### [Task brief]
An exact copy of all the lines below is required, with every image left out.

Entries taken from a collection
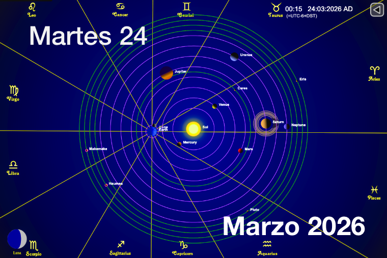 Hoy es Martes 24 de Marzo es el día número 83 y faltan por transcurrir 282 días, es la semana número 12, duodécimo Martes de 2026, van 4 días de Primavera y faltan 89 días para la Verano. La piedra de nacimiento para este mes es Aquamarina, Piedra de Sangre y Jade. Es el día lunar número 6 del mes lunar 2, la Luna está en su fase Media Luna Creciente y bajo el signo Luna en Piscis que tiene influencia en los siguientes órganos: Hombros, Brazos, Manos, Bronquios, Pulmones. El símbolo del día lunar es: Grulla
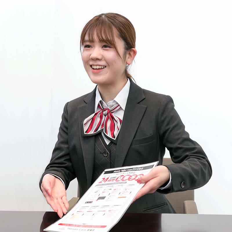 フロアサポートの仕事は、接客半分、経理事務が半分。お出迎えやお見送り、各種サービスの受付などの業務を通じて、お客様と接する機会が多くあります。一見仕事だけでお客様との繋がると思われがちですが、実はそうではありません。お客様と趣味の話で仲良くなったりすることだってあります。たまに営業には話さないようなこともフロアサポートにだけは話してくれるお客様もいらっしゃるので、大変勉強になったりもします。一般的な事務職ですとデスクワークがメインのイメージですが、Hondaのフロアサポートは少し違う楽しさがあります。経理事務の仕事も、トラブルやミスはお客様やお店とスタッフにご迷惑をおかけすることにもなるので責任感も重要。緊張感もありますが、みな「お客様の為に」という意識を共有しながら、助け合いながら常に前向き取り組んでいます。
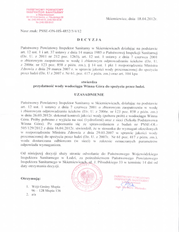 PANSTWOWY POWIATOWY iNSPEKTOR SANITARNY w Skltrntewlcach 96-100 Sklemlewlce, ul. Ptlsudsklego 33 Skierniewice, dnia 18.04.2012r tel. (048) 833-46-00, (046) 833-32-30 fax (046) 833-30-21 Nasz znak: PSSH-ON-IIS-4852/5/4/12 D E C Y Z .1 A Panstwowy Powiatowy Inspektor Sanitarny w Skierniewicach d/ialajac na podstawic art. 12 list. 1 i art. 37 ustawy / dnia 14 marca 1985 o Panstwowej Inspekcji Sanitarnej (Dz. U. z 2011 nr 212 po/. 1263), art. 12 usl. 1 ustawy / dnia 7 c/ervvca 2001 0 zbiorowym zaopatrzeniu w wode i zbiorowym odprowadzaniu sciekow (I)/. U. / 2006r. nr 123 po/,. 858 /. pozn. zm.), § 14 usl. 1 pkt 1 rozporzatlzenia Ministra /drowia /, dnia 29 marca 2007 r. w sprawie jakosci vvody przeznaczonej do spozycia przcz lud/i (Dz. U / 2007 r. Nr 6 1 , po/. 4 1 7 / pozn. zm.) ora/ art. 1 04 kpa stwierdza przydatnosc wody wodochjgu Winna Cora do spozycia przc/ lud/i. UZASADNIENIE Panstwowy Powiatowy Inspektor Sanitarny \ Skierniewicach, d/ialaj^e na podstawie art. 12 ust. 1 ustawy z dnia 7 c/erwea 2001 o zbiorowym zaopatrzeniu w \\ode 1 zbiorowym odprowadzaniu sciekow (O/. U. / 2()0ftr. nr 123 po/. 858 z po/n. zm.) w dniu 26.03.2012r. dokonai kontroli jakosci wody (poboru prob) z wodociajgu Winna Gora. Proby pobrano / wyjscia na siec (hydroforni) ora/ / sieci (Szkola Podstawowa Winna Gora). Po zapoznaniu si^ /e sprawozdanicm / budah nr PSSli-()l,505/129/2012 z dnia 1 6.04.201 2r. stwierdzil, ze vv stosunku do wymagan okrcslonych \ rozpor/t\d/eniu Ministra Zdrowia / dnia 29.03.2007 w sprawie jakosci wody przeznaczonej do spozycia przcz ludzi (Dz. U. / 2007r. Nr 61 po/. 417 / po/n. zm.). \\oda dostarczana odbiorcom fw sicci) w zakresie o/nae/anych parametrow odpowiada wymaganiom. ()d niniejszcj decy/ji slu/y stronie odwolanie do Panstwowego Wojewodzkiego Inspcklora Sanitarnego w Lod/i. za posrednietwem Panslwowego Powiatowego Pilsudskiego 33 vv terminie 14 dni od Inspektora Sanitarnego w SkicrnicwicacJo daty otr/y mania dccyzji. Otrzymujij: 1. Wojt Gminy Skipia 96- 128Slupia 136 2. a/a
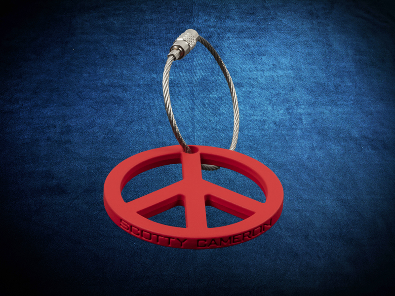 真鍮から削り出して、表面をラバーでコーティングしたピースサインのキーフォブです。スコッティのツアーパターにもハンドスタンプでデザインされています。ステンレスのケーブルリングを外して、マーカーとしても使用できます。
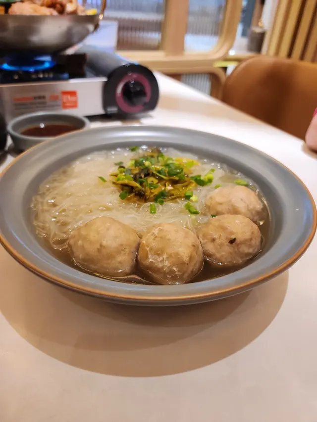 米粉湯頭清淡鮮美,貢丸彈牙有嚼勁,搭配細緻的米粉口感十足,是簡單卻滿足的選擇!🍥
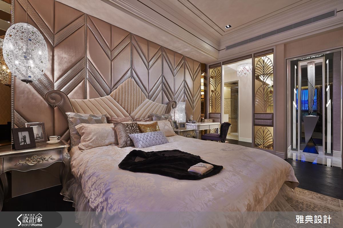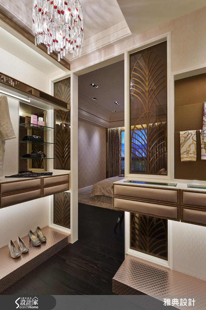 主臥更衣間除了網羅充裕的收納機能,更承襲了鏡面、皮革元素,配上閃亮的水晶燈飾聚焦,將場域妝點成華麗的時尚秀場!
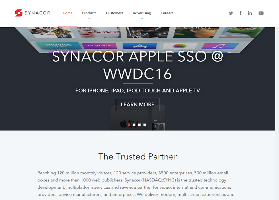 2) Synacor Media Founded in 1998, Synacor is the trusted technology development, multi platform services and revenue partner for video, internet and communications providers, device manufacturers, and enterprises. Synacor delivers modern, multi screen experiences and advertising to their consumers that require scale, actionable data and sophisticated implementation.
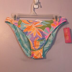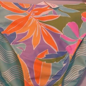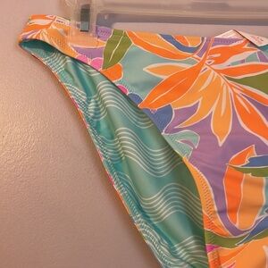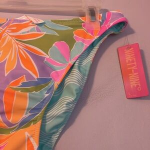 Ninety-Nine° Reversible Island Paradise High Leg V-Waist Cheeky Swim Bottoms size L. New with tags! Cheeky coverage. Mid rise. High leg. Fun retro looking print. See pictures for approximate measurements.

### [Solution to this exercise]
 Hoy es Martes 24 de Marzo es el día número 83 y faltan por transcurrir 282 días, es la semana número 12, duodécimo Martes de 2026, van 4 días de Primavera y faltan 89 días para la Verano. La piedra de nacimiento para este mes es Aquamarina, Piedra de Sangre y Jade. Es el día lunar número 6 del mes lunar 2, la Luna está en su fase Media Luna Creciente y bajo el signo Luna en Piscis que tiene influencia en los siguientes órganos: Hombros, Brazos, Manos, Bronquios, Pulmones. El símbolo del día lunar es: Grulla
 フロアサポートの仕事は、接客半分、経理事務が半分。お出迎えやお見送り、各種サービスの受付などの業務を通じて、お客様と接する機会が多くあります。一見仕事だけでお客様との繋がると思われがちですが、実はそうではありません。お客様と趣味の話で仲良くなったりすることだってあります。たまに営業には話さないようなこともフロアサポートにだけは話してくれるお客様もいらっしゃるので、大変勉強になったりもします。一般的な事務職ですとデスクワークがメインのイメージですが、Hondaのフロアサポートは少し違う楽しさがあります。経理事務の仕事も、トラブルやミスはお客様やお店とスタッフにご迷惑をおかけすることにもなるので責任感も重要。緊張感もありますが、みな「お客様の為に」という意識を共有しながら、助け合いながら常に前向き取り組んでいます。
 PANSTWOWY POWIATOWY iNSPEKTOR SANITARNY w Skltrntewlcach 96-100 Sklemlewlce, ul. Ptlsudsklego 33 Skierniewice, dnia 18.04.2012r tel. (048) 833-46-00, (046) 833-32-30 fax (046) 833-30-21 Nasz znak: PSSH-ON-IIS-4852/5/4/12 D E C Y Z .1 A Panstwowy Powiatowy Inspektor Sanitarny w Skierniewicach d/ialajac na podstawic art. 12 list. 1 i art. 37 ustawy / dnia 14 marca 1985 o Panstwowej Inspekcji Sanitarnej (Dz. U. z 2011 nr 212 po/. 1263), art. 12 usl. 1 ustawy / dnia 7 c/ervvca 2001 0 zbiorowym zaopatrzeniu w wode i zbiorowym odprowadzaniu sciekow (I)/. U. / 2006r. nr 123 po/,. 858 /. pozn. zm.), § 14 usl. 1 pkt 1 rozporzatlzenia Ministra /drowia /, dnia 29 marca 2007 r. w sprawie jakosci vvody przeznaczonej do spozycia przcz lud/i (Dz. U / 2007 r. Nr 6 1 , po/. 4 1 7 / pozn. zm.) ora/ art. 1 04 kpa stwierdza przydatnosc wody wodochjgu Winna Cora do spozycia przc/ lud/i. UZASADNIENIE Panstwowy Powiatowy Inspektor Sanitarny \ Skierniewicach, d/ialaj^e na podstawie art. 12 ust. 1 ustawy z dnia 7 c/erwea 2001 o zbiorowym zaopatrzeniu w \\ode 1 zbiorowym odprowadzaniu sciekow (O/. U. / 2()0ftr. nr 123 po/. 858 z po/n. zm.) w dniu 26.03.2012r. dokonai kontroli jakosci wody (poboru prob) z wodociajgu Winna Gora. Proby pobrano / wyjscia na siec (hydroforni) ora/ / sieci (Szkola Podstawowa Winna Gora). Po zapoznaniu si^ /e sprawozdanicm / budah nr PSSli-()l,505/129/2012 z dnia 1 6.04.201 2r. stwierdzil, ze vv stosunku do wymagan okrcslonych \ rozpor/t\d/eniu Ministra Zdrowia / dnia 29.03.2007 w sprawie jakosci wody przeznaczonej do spozycia przcz ludzi (Dz. U. / 2007r. Nr 61 po/. 417 / po/n. zm.). \\oda dostarczana odbiorcom fw sicci) w zakresie o/nae/anych parametrow odpowiada wymaganiom. ()d niniejszcj decy/ji slu/y stronie odwolanie do Panstwowego Wojewodzkiego Inspcklora Sanitarnego w Lod/i. za posrednietwem Panslwowego Powiatowego Pilsudskiego 33 vv terminie 14 dni od Inspektora Sanitarnego w SkicrnicwicacJo daty otr/y mania dccyzji. Otrzymujij: 1. Wojt Gminy Skipia 96- 128Slupia 136 2. a/a
 真鍮から削り出して、表面をラバーでコーティングしたピースサインのキーフォブです。スコッティのツアーパターにもハンドスタンプでデザインされています。ステンレスのケーブルリングを外して、マーカーとしても使用できます。
 米粉湯頭清淡鮮美,貢丸彈牙有嚼勁,搭配細緻的米粉口感十足,是簡單卻滿足的選擇!🍥
 主臥更衣間除了網羅充裕的收納機能,更承襲了鏡面、皮革元素,配上閃亮的水晶燈飾聚焦,將場域妝點成華麗的時尚秀場!
 2) Synacor Media Founded in 1998, Synacor is the trusted technology development, multi platform services and revenue partner for video, internet and communications providers, device manufacturers, and enterprises. Synacor delivers modern, multi screen experiences and advertising to their consumers that require scale, actionable data and sophisticated implementation.
 Ninety-Nine° Reversible Island Paradise High Leg V-Waist Cheeky Swim Bottoms size L. New with tags! Cheeky coverage. Mid rise. High leg. Fun retro looking print. See pictures for approximate measurements.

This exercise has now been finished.